Eles acharam que poderiam colher frutos se nacionalizassem a campanha municipal. E não colheram, porque a questão é local. Quiseram colocar em termos de “nós, que somos de direita, não podemos votar em quem conversa com a esquerda”, o que é um absurdo. Triste é o país que só tem posições políticas extremas. Além da maior capilaridade, o PSD praticamente empatou em número de votos com o PL, o que mostra o poder eleitoral. Tivemos 14,5 milhões de votos para prefeito, e o PL teve 15 milhões. Há dois anos (para deputado federal), essa distância era três vezes maior. A esquerda está menor, mas o centro tem um peso muito maior que a direita hoje no país.

Em São Paulo, Pablo Marçal chegou a ameaçar a ida de Nunes ao segundo turno. Acha que ele se firma na política ou tende a ficar inelegível?

Vai depender muito da postura dele. O Judiciário e a própria política gostam de observar antes de agir. Acho que ele errou muito, precisa repensar sua postura e suas alianças. O laudo falso divulgado na sexta antes da eleição contribuiu para ficar fora do segundo turno, e acho que esse erro causou desgaste até ao projeto dele de tentar a Presidência. Acho que foi um ato de ansiedade, de ir para o tudo ou nada de maneira totalmente descabida. Sem esse percalço, poderia ter tido um pouquinho mais de votos.

As emendas parlamentares fizeram a diferença no pleito deste ano, marcado por altos índices de reeleição?

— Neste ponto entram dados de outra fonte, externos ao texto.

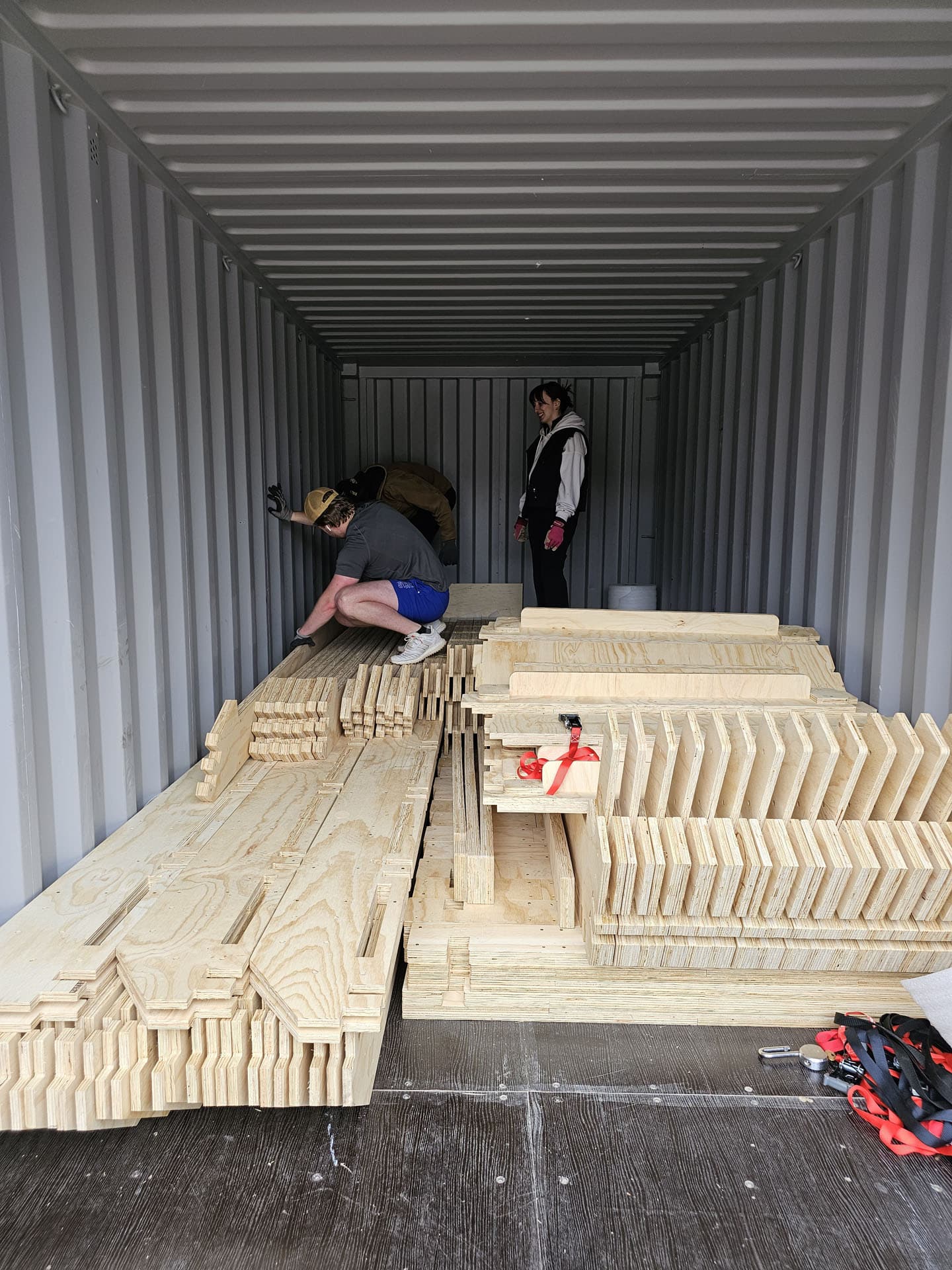 As the components come together, our design+build students have orchestrated the packing of a shipping container with strict precision. By maximizing space utilization and employing efficient packing techniques, every component is securely nested within the container, ready for safe transport to its final destination at John Rex Charter School. This process exemplifies the power of teamwork and interdisciplinary collaboration in achieving our collective goals.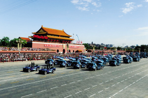 “开始!”随着胡锦涛主席一声令下,逾千名军乐队员高奏激昂的阅兵曲。在房峰辉的陪同下,胡锦涛乘检阅车沿东长安街向东驶去。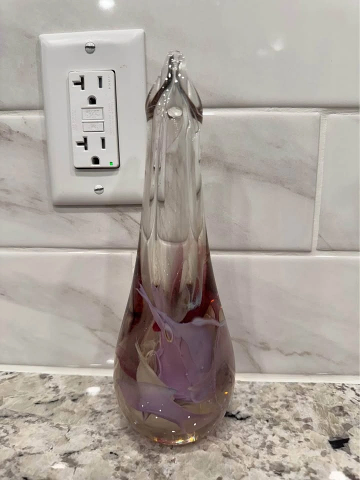 Gorgeous heavy bud vase. Nine inches tall. Photos do not do justice.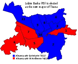 Tirana 11Haki Mustafa (55.45%)Naim Asllani (44.55%)Coalition for the Citizen55%
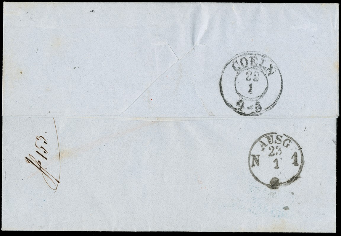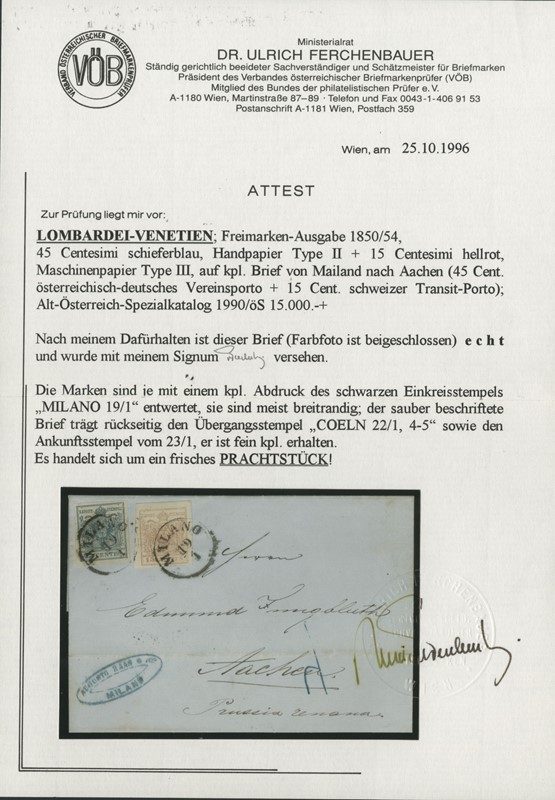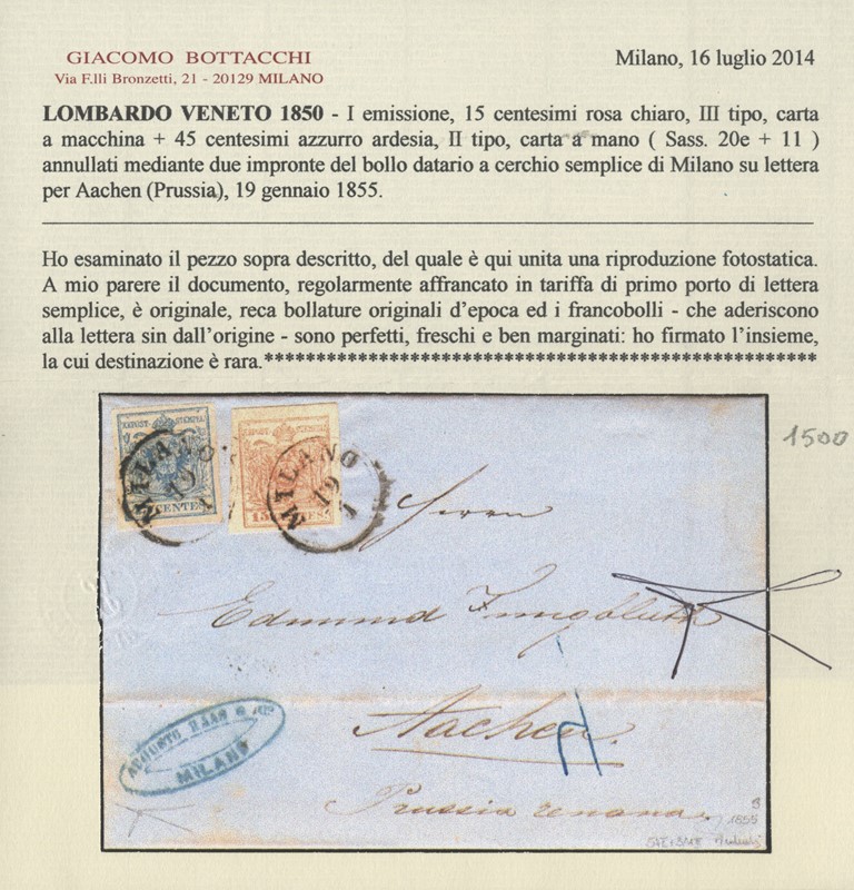 1850 - 15c rosa chiaro III tipo, carta a macchina, e 45c azzurro ardesia II tipo carta a mano, da 'MILANO 19/1' ad Aachen (Stati Tedeschi). Splendida, rara destinazione. CF Bottacchi e Ferchenbauer (Sassone 11+20e - Euro 3.250++)

Faz sentido que tenham feito, sim. São recursos direcionados para intervenções importantes, que geralmente são discutidas essas ideias com os próprios prefeitos. E o prefeito sabe o que a cidade precisa.

Os candidatos à presidência da Câmara tiveram vitórias em redutos, em alguns casos contra nomes alinhados ao governo federal. Isso mostra autonomia dos deputados em relação à máquina federal? Muda o papel do governo na eleição da Câmara?

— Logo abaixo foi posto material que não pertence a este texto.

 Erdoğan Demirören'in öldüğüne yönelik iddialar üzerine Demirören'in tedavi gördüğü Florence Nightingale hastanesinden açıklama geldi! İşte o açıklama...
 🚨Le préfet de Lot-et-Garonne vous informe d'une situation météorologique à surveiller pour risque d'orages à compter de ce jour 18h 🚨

Não acredito. O governo está certo em postergar sua decisão, até porque há uma nova realidade surgindo, com um entendimento muito forte entre o Antonio Brito (PSD) e o Elmar Nascimento (União). Isso nos leva a ter 100 deputados apoiando um projeto — não sei se o Brito ou Elmar, mas em algum momento eles vão compor, no primeiro ou no segundo turno. Se o governo coloca o PT nesse bloco, mais os partidos aliados (do PT), começa a haver expectativa muito concreta de vitória, eleva esse patamar a 250, 300 votos. Lula tem dito que não gostaria de interferir. Mas até pode no meio do caminho mudar, não é nenhuma incoerência, o processo político é dinâmico.

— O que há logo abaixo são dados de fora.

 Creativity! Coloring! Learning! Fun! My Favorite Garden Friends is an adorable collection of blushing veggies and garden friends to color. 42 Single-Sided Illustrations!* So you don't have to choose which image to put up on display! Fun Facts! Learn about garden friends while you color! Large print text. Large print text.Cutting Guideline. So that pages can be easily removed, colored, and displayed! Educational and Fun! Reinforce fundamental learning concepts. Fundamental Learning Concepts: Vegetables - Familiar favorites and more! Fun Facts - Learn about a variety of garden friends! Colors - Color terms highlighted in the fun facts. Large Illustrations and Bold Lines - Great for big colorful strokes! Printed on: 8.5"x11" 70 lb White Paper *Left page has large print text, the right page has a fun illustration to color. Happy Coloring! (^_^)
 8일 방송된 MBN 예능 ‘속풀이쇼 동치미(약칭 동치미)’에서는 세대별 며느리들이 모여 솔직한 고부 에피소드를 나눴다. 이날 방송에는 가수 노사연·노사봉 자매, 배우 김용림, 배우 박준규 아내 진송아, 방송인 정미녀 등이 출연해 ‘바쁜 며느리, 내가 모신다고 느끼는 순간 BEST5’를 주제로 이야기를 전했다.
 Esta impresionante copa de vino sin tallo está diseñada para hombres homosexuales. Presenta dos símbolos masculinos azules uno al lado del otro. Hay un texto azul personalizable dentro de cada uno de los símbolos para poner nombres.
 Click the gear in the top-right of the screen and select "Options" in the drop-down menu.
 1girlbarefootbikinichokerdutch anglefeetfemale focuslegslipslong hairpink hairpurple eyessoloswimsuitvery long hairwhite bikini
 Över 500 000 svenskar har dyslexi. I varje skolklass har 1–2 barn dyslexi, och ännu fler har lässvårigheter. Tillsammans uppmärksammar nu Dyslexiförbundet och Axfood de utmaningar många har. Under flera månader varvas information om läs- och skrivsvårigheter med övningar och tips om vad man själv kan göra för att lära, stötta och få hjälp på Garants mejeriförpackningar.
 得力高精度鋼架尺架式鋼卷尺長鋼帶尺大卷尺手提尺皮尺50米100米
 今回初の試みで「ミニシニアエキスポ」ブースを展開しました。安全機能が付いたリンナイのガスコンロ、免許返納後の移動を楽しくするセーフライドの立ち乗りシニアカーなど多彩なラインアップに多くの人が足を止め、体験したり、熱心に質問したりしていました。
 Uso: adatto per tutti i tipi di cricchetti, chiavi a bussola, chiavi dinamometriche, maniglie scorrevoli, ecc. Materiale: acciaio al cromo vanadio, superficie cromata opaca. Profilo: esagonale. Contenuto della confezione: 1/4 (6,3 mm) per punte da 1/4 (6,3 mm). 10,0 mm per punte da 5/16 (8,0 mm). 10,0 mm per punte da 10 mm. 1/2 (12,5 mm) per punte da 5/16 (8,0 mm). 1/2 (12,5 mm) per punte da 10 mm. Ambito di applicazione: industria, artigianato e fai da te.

O cálculo é isolar a direita, que o senhor tem caracterizado como PP, PL e Republicanos? E o que achou do Marcos Pereira te atacar ao retirar a candidatura dele?

Não é isolar, é a realidade. Só falta achar que o PL do Bolsonaro não é de direita. Que o PP do Ciro Nogueira, que foi o chefe da Casa Civil dele, não é de direita. E o próprio Tarcísio, que tenho uma relação muito boa, se apresenta como direita moderada. Essa é a direita do Brasil. Mesmo com o tamanho da bancada deles, acho que o Brito tem muito voto lá. E o Marcos Pereira não me atacou. Ele tem esse sonho, legítimo, e tem total condição de ser um bom presidente da Câmara. Mas acho que ele não teve paciência de esperar o tempo dele. Somos partidos aliados. Ele falou a verdade: que se o PSD apoiasse, ele ganhava. Mas, se ele apoiasse o Brito, o Brito também ganhava.

Lira vai com Hugo Motta (Republicanos) até o fim?

Lira foi um grande presidente, e o esforço dele é para ter um candidato que una toda a sua base. Durante quatro anos ele construiu muitas alianças e relacionamentos, mas acho que está se aproximando do fim do mandato e tenho dito a ele que pense em ser um juiz, se tiver disputa, em vez de pensar em fazer o candidato dele. Se ele tiver dois candidatos que se sentem ligados a ele, deixa os dois, e lá na frente ele ganhou a eleição. Ele me ouve muito, mas acho que nessa questão ainda não ouviu.